Première chose à bien comprendre : un PDF n'est pas une facture électronique au sens de la loi. Même s'il est envoyé par email, même s'il est signé numériquement, un simple PDF reste une « facture papier dématérialisée ». La loi française, alignée sur la directive européenne ViDA (VAT in the Digital Age), exige désormais un format structuré, c'est-à-dire lisible directement par les machines des deux côtés de la transaction.
Concrètement, une facture électronique conforme à la réforme prend l'un de ces trois formats :
- Factur-X : un format hybride, à la fois PDF lisible par l'humain ET fichier XML embarqué lisible par les logiciels. C'est le format le plus répandu en France, et celui qu'Odoo génère nativement depuis la version 12.
- UBL 2.1 : un format XML pur, très utilisé dans les échanges internationaux via le réseau Peppol.
- CII (Cross Industry Invoice) : autre standard XML international.
Tous ces formats respectent la norme européenne EN 16931, qui garantit l'interopérabilité entre les systèmes d'information de différents pays et de différents éditeurs.
L'autre brique de la réforme : l'e-reporting
À côté de l'e-invoicing (la facture électronique elle-même), la réforme impose également l'e-reporting : la transmission à l'administration fiscale de certaines données de transaction et de paiement. Cela concerne notamment :
- Les ventes B2C (à des particuliers).
- Les opérations à l'export et à l'intracommunautaire.
- Les encaissements pour les prestations de services.
Autrement dit : même si vous vendez majoritairement à des particuliers ou à l'international, vous êtes concerné par la réforme.
2. PA, PPF, Peppol : décryptage du nouveau vocabulaire
La réforme introduit tout un écosystème d'acteurs qu'il est essentiel de bien distinguer.
La Plateforme Agréée (PA)
Anciennement appelée PDP (Plateforme de Dématérialisation Partenaire), elle est désormais officiellement nommée PA(Plateforme Agréée) depuis 2025. Il s'agit d'un opérateur privé immatriculé par la DGFiP, qui joue le rôle d'intermédiaire obligatoire entre votre entreprise et l'État. Concrètement, votre PA :
- Émet et reçoit les factures électroniques en votre nom.
- Transmet les données fiscales au Portail Public de Facturation.
- Gère les statuts de traitement (reçue, acceptée, refusée, payée).
- Inscrit votre entreprise dans l'annuaire central des destinataires.

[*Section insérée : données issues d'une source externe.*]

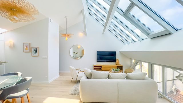 A24899DPE75 - Paris 75016 - Between Champs-Élysées and the Eiffel Tower - 95,56m2 - Exceptional top floor 2 bed fully renovated apartment in a stunning new renovation of a 1901 building originally conceived as artists' studios. This duplex loft style apartment, nestled behind a superb timber-framed facade with glazed rooves bathing the generous spaces below in light, offers a unique environment oozing Parisian chic at the heart of the Trocadéro district. The residence astutely blends the building's original artistic vocation with the über-modern, high-quality, environmentally friendly living sought by discerning 21st century buyers. The 5th floor sleeping area includes an entrance hall, 2 bedrooms, 2 bathrooms, WC and laundry. The 6th and top floor features a living room with a new contemporary, fully equipped open-plan kitchen and WC. Huge windows in the main rooms give an unobstructed view of the discreet, leafy, cul-de-sac, a rare privilege in such an exceptional location in the French capital.

Le Portail Public de Facturation (PPF)
C'est le successeur de Chorus Pro. Initialement pensé comme une plateforme publique gratuite permettant à toutes les entreprises d'émettre leurs factures, son rôle a été redéfini fin 2024. Désormais, le PPF se contente de centraliser les données fiscales transmises par les PA pour alimenter la DGFiP. Pour le B2G (échanges avec les administrations publiques), Chorus Pro reste le canal historique.
Peppol
C'est un réseau d'échange international déjà très utilisé en Europe du Nord et en Belgique. Il permet aux PA françaises d'échanger des factures avec leurs homologues étrangères de manière standardisée. Odoo y est nativement raccordé depuis la version 17.

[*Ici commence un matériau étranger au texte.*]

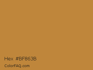 Hex #bf863b Color is a normal orange color and the nearest color is Peru #cd853f. Hex code #bf863b and RGB value is rgb(191,134,59). In RGB color space, this color is composed of 75% red, 53% green, 23% blue, In CMYK color space, this color is composed of 0% cyan, 30% magenta, 69% yellow , 25% black , In HSL color space, this color has a hue angle of 34° , 53% saturation and 49% lightness.

3. Odoo, Plateforme Agréée : ce que ça change concrètement
L'annonce de l'immatriculation d'Odoo dans la liste officielle des Plateformes Agréées par la DGFiP est un signal fort. Cela signifie que votre ERP devient à lui seul le point d'entrée et de sortie de tous vos flux de facturation, sans intermédiaire payant supplémentaire.
Les trois bénéfices concrets pour les entreprises
1. Zéro intermédiaire à gérer. Plus besoin de souscrire à une PA tierce, de configurer des connecteurs API ou de jongler entre plusieurs interfaces. Odoo gère nativement la création de la facture, sa transmission au format conforme, son acheminement vers la PA de votre client, et la remontée des statuts.
2. Coût maîtrisé. Là où la plupart des PA fonctionnent avec un système de crédits ou facturent à la facture émise/reçue, Odoo a annoncé une PA gratuite et illimitée pour ses utilisateurs. Pour une PME qui émet plusieurs centaines de factures par mois, l'économie annuelle peut être substantielle.
3. Une chaîne unifiée. Du devis à la facture, en passant par la commande, la livraison et l'encaissement, tout reste dans un seul outil. Les statuts de vie de la facture (reçue, acceptée, payée) remontent directement dans votre comptabilité, sans ressaisie.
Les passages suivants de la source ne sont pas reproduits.